(Records drawn from a dataset)
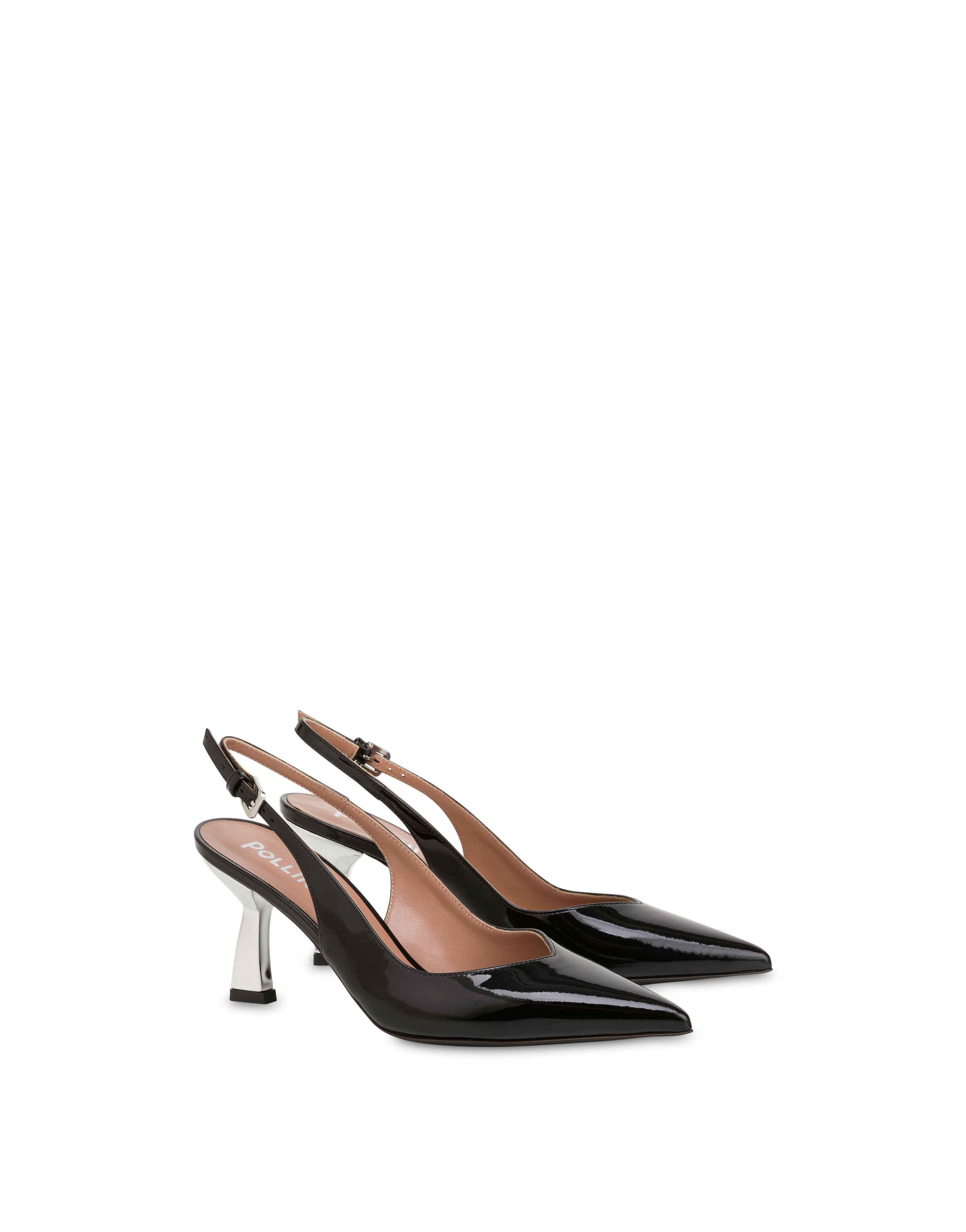 Slingback in vernice dalla nuova forma sfilata, che trova la sua unicità nel tacco metallizzato dal design contemporaneo. La tomaia è essenziale, caratterizzata da scollo a V, estremamente moderno e sensuale.
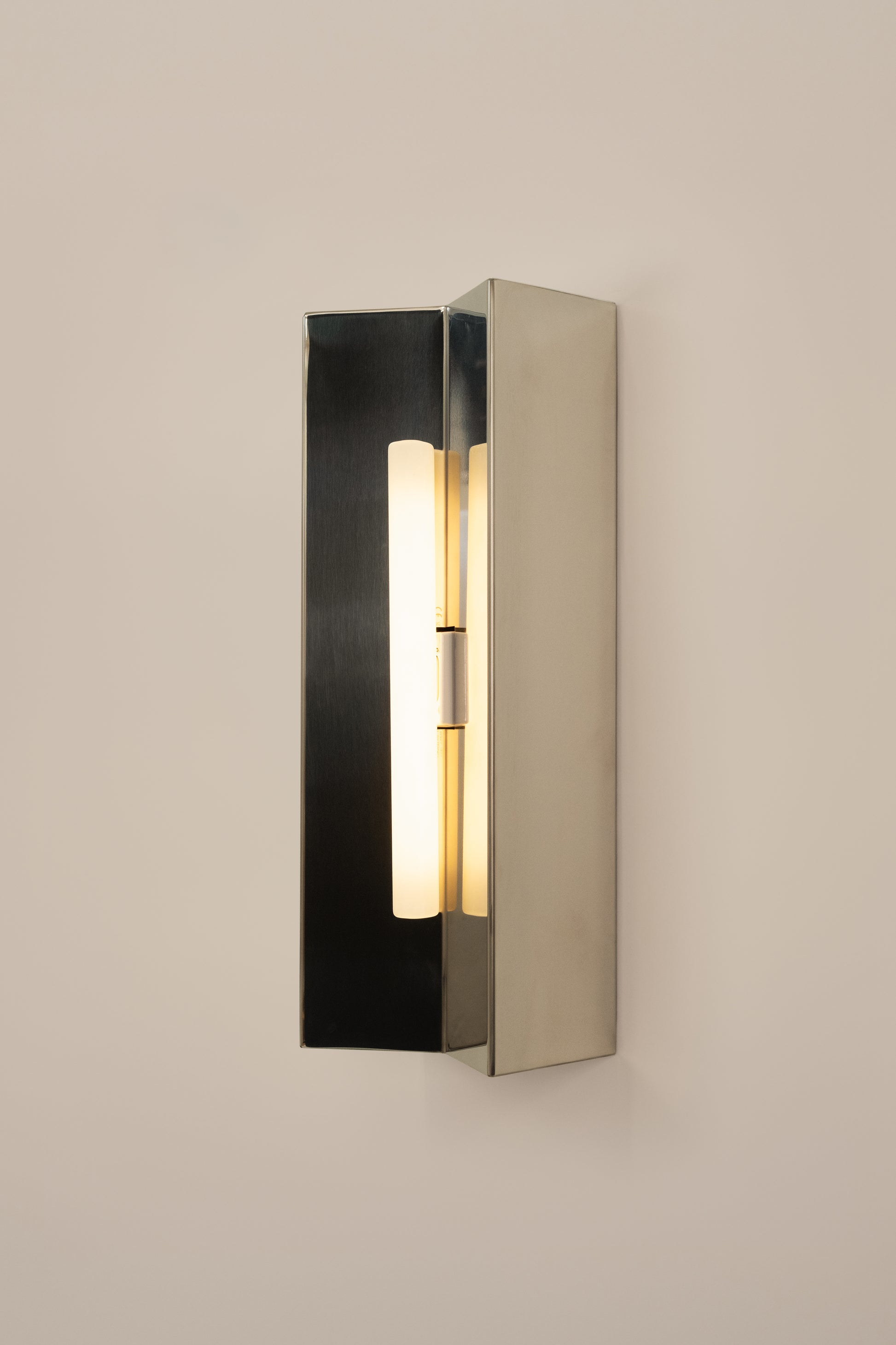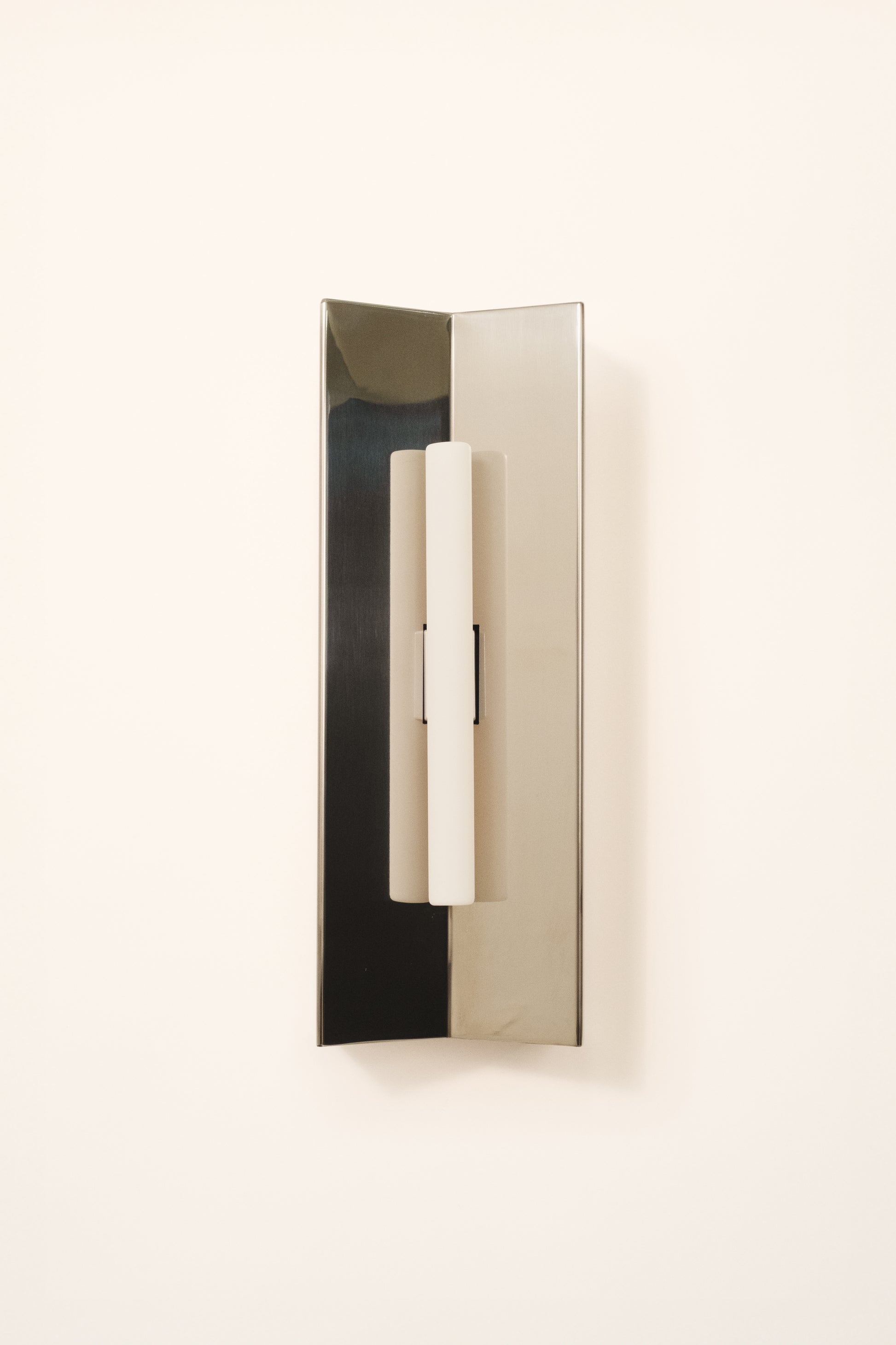 Applique Arrow sans diffuseur en acier poli, par Violaine d'Harcourt. Fabriquée à la main à Lisbonne, Portugal
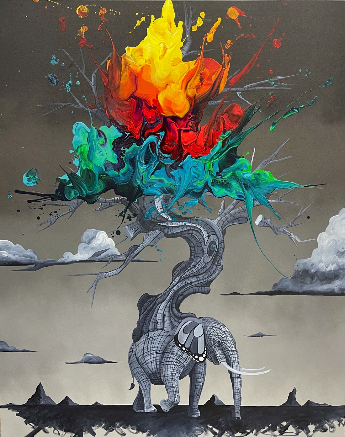 However, Kre8 did more than just break his record for most sold-out shows. During the online auction weekend, he also broke the record for the highest price ever paid for one of his paintings at auction—his painting “Rooted in Power” sold for $65,000.
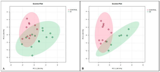 Principal component analysis (PCA) for GI vs. control (A; PC1 + PC2 = 45.4) and GII vs. control (B; PC1 + PC2 = 57.4).
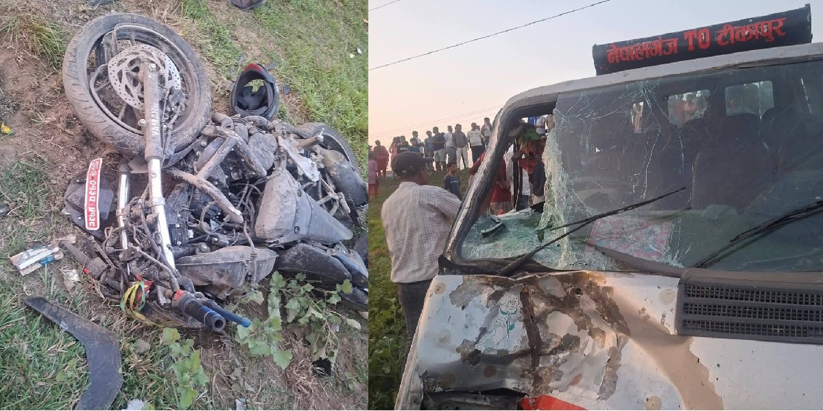 कैलालीमा हाईस र माेटरसाइकल ठाेक्किदा माेटरसाइकलमा सवार दुई जनाकाे मृत्युु भएको छ । पूर्वपश्चिम राजमार्ग अन्तरगत लम्कीचुहा नगरपालिका-७ गुलारामा मंगलबार साँझ सवा ६ बजेतिर सुपप्र ०१००१ ज १४२१ नम्बर हाईस र सुपप्र ०१०१३ प ५४३९ नम्बरको माेटरसाइकल आपसमा ठोक्किंदा दुई जनाको मृत्यु भएको हो।
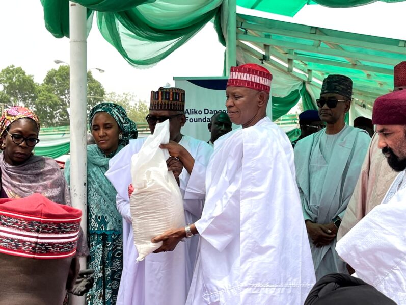 The Aliko Dangote Foundation (ADF) on Saturday, 23 March launched its Food Intervention Programme, in Kano State with the distribution of 120,000 bags of rice. The ADF claims its program worth N15 billion is targeted at distributing food palliatives across Nigeria, to cushion the pangs of economic hardships the masses are experiencing. The foundation aims to distribute over one million 10kg bags of rice across the 774 Local Government Areas of the 36 states and the Federal Capital Territory. The rice distribution programme which commenced in Kano with a flag-off ceremony will be expanded to all the other 36 states and the FCT over the next two weeks. Speaking at the flag-off of the program in Kano State at the weekend, the chairman of Aliko Dangote Foundation and group president of Dangote Industries Limited (DIL), Aliko Dangote, also emphasized the importance of compassion and encouraged generosity amongst citizens during the holy month of Ramadan.
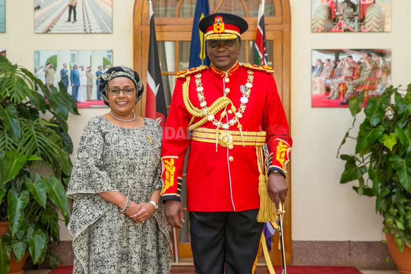 President Kenyatta and First Lady Margaret Kenyatta at State House, Nairobi as they prepared to leave for the 55th Jamhuri Day celebrations at Nyayo Stadium.
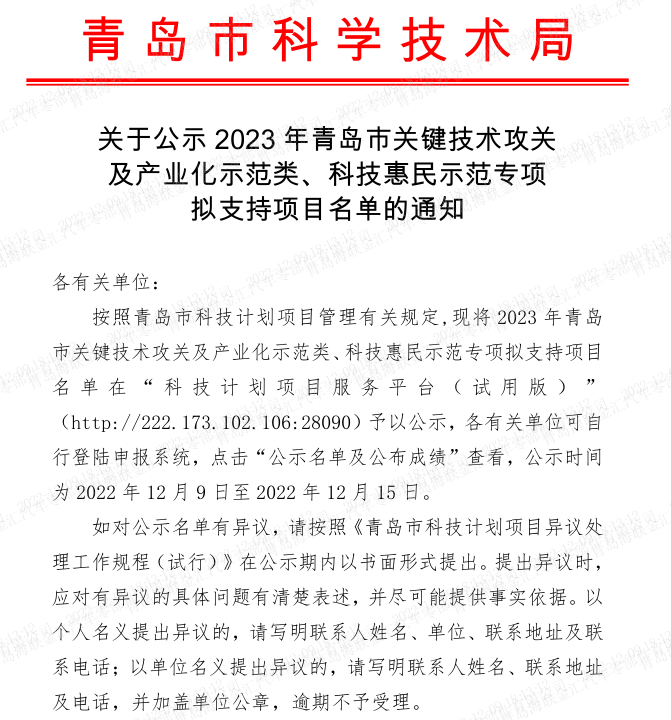 祝贺!青岛懂球帝app官网成功揭榜2023年青岛市科技计划关键技术攻关项目
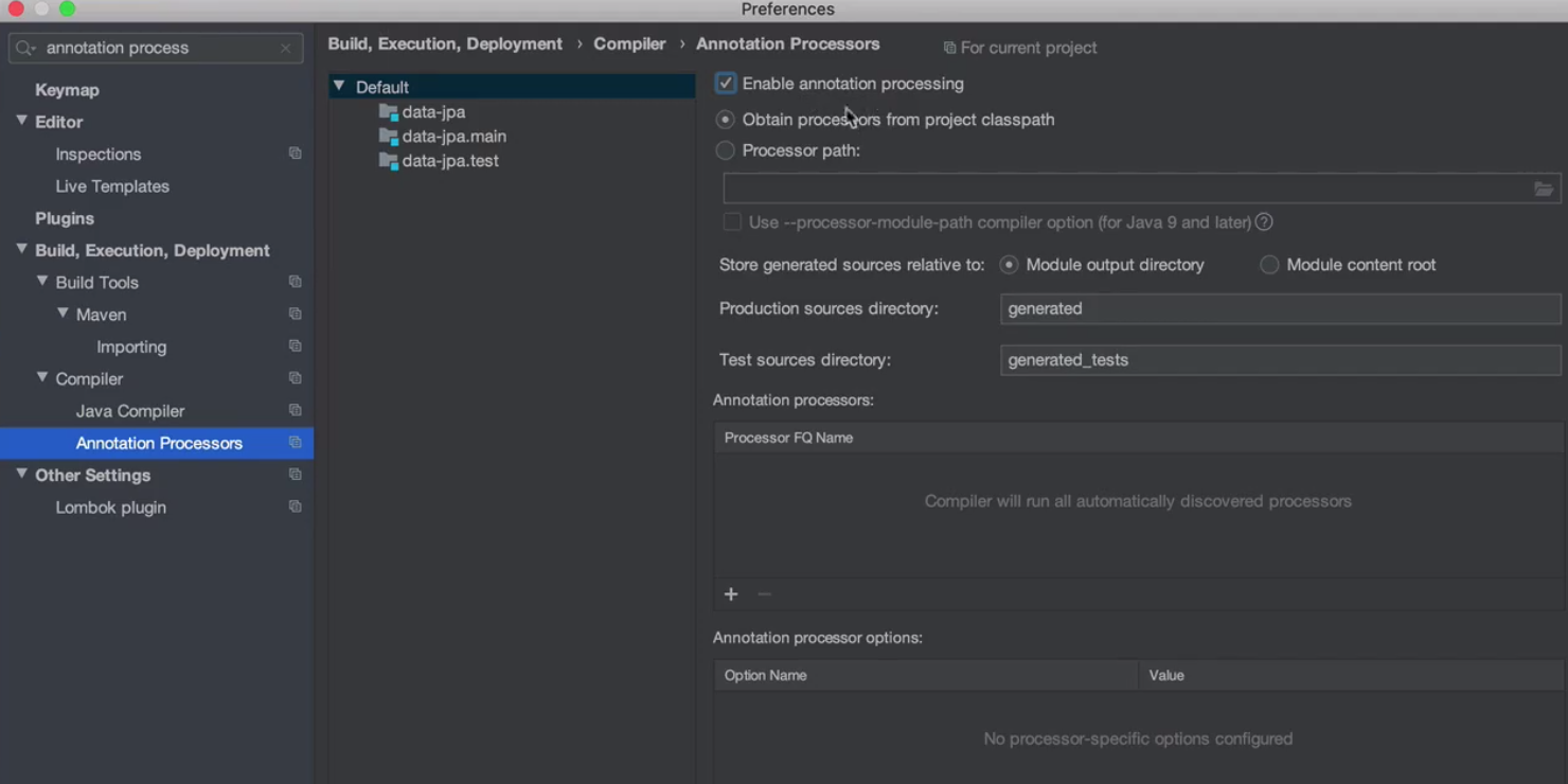 Preferences -> Anootation Processors 에서
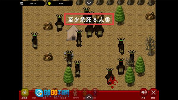 2、关卡目标为“至少杀死8人类”,操控感染体移动至人类聚集区(如帐篷周边),接触人类完成感染击杀,积累击杀数。
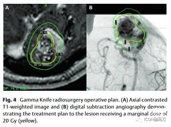 图4伽玛刀放射外科手术方案。(A)轴向对比T1加权图像和(B)数字减影血管造影显示病灶接受20 Gy边缘剂量的治疗计划(黄色)。
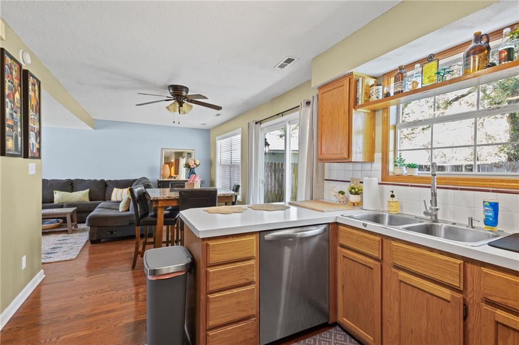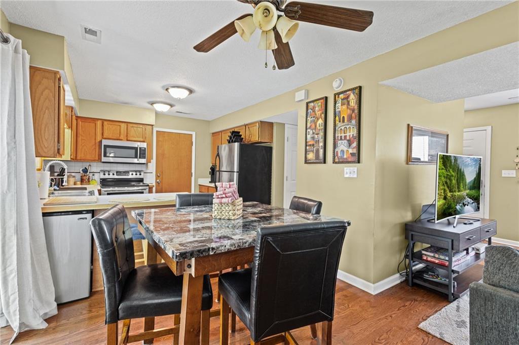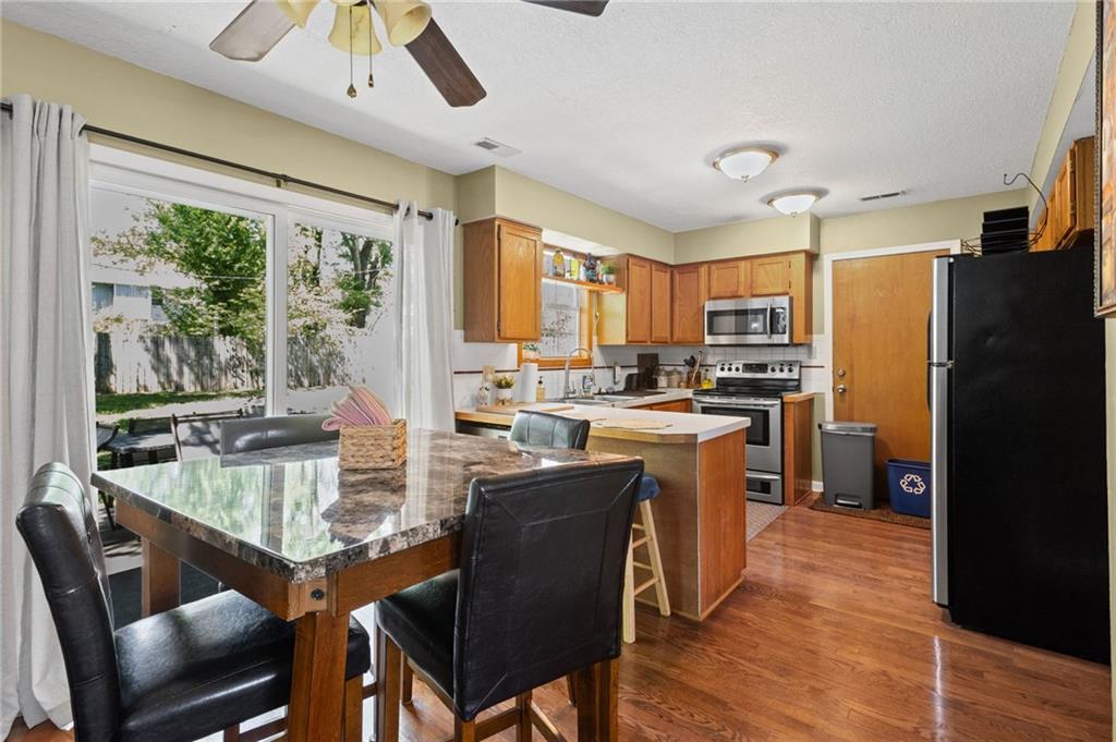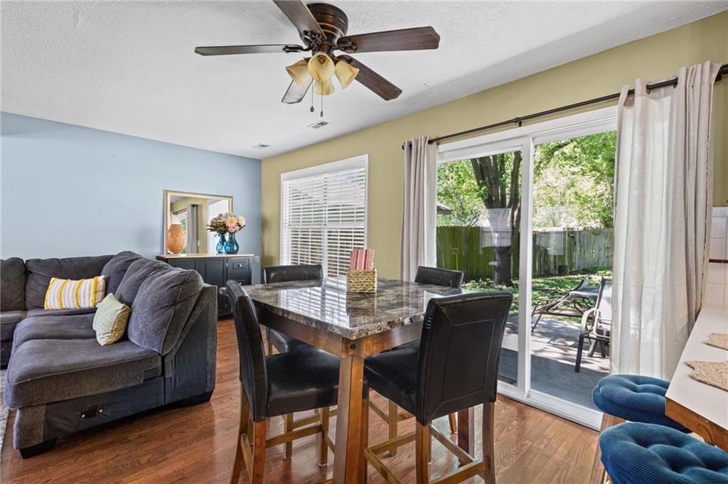 Welcome home to this charming and well-maintained home offering a warm, inviting feel throughout! Step inside to a cozy living room featuring a beautiful brick fireplace—perfect for relaxing evenings—along with great natural light and comfortable gathering space. The kitchen and dining area flow seamlessly together, creating an ideal setup for everyday living and entertaining. Enjoy ample cabinet space, functional layout, and easy access to the backyard through sliding glass doors—bringing the outdoors right in. Upstairs, you’ll find spacious bedrooms with neutral tones, ceiling fans, and plenty of natural light. The home also offers flexible space perfect for a home office, reading room, or hobby area. Outside, the large fully fenced backyard provides plenty of room to play, garden, or host gatherings, complete with a patio area and additional storage shed. The attached garage offers extra space for storage or a workshop setup. With its comfortable layout, inviting character, and great indoor-outdoor living, this home is ready for its next owner to move right in and enjoy!

**Assigned task**
Type the records out again in full, exactly, with each picture omitted.

**Completed exercise**
 Slingback in vernice dalla nuova forma sfilata, che trova la sua unicità nel tacco metallizzato dal design contemporaneo. La tomaia è essenziale, caratterizzata da scollo a V, estremamente moderno e sensuale.
 Applique Arrow sans diffuseur en acier poli, par Violaine d'Harcourt. Fabriquée à la main à Lisbonne, Portugal
 However, Kre8 did more than just break his record for most sold-out shows. During the online auction weekend, he also broke the record for the highest price ever paid for one of his paintings at auction—his painting “Rooted in Power” sold for $65,000.
 Principal component analysis (PCA) for GI vs. control (A; PC1 + PC2 = 45.4) and GII vs. control (B; PC1 + PC2 = 57.4).
 कैलालीमा हाईस र माेटरसाइकल ठाेक्किदा माेटरसाइकलमा सवार दुई जनाकाे मृत्युु भएको छ । पूर्वपश्चिम राजमार्ग अन्तरगत लम्कीचुहा नगरपालिका-७ गुलारामा मंगलबार साँझ सवा ६ बजेतिर सुपप्र ०१००१ ज १४२१ नम्बर हाईस र सुपप्र ०१०१३ प ५४३९ नम्बरको माेटरसाइकल आपसमा ठोक्किंदा दुई जनाको मृत्यु भएको हो।
 The Aliko Dangote Foundation (ADF) on Saturday, 23 March launched its Food Intervention Programme, in Kano State with the distribution of 120,000 bags of rice. The ADF claims its program worth N15 billion is targeted at distributing food palliatives across Nigeria, to cushion the pangs of economic hardships the masses are experiencing. The foundation aims to distribute over one million 10kg bags of rice across the 774 Local Government Areas of the 36 states and the Federal Capital Territory. The rice distribution programme which commenced in Kano with a flag-off ceremony will be expanded to all the other 36 states and the FCT over the next two weeks. Speaking at the flag-off of the program in Kano State at the weekend, the chairman of Aliko Dangote Foundation and group president of Dangote Industries Limited (DIL), Aliko Dangote, also emphasized the importance of compassion and encouraged generosity amongst citizens during the holy month of Ramadan.
 President Kenyatta and First Lady Margaret Kenyatta at State House, Nairobi as they prepared to leave for the 55th Jamhuri Day celebrations at Nyayo Stadium.
 祝贺!青岛懂球帝app官网成功揭榜2023年青岛市科技计划关键技术攻关项目
 Preferences -> Anootation Processors 에서
 2、关卡目标为“至少杀死8人类”,操控感染体移动至人类聚集区(如帐篷周边),接触人类完成感染击杀,积累击杀数。
 图4伽玛刀放射外科手术方案。(A)轴向对比T1加权图像和(B)数字减影血管造影显示病灶接受20 Gy边缘剂量的治疗计划(黄色)。
 Welcome home to this charming and well-maintained home offering a warm, inviting feel throughout! Step inside to a cozy living room featuring a beautiful brick fireplace—perfect for relaxing evenings—along with great natural light and comfortable gathering space. The kitchen and dining area flow seamlessly together, creating an ideal setup for everyday living and entertaining. Enjoy ample cabinet space, functional layout, and easy access to the backyard through sliding glass doors—bringing the outdoors right in. Upstairs, you’ll find spacious bedrooms with neutral tones, ceiling fans, and plenty of natural light. The home also offers flexible space perfect for a home office, reading room, or hobby area. Outside, the large fully fenced backyard provides plenty of room to play, garden, or host gatherings, complete with a patio area and additional storage shed. The attached garage offers extra space for storage or a workshop setup. With its comfortable layout, inviting character, and great indoor-outdoor living, this home is ready for its next owner to move right in and enjoy!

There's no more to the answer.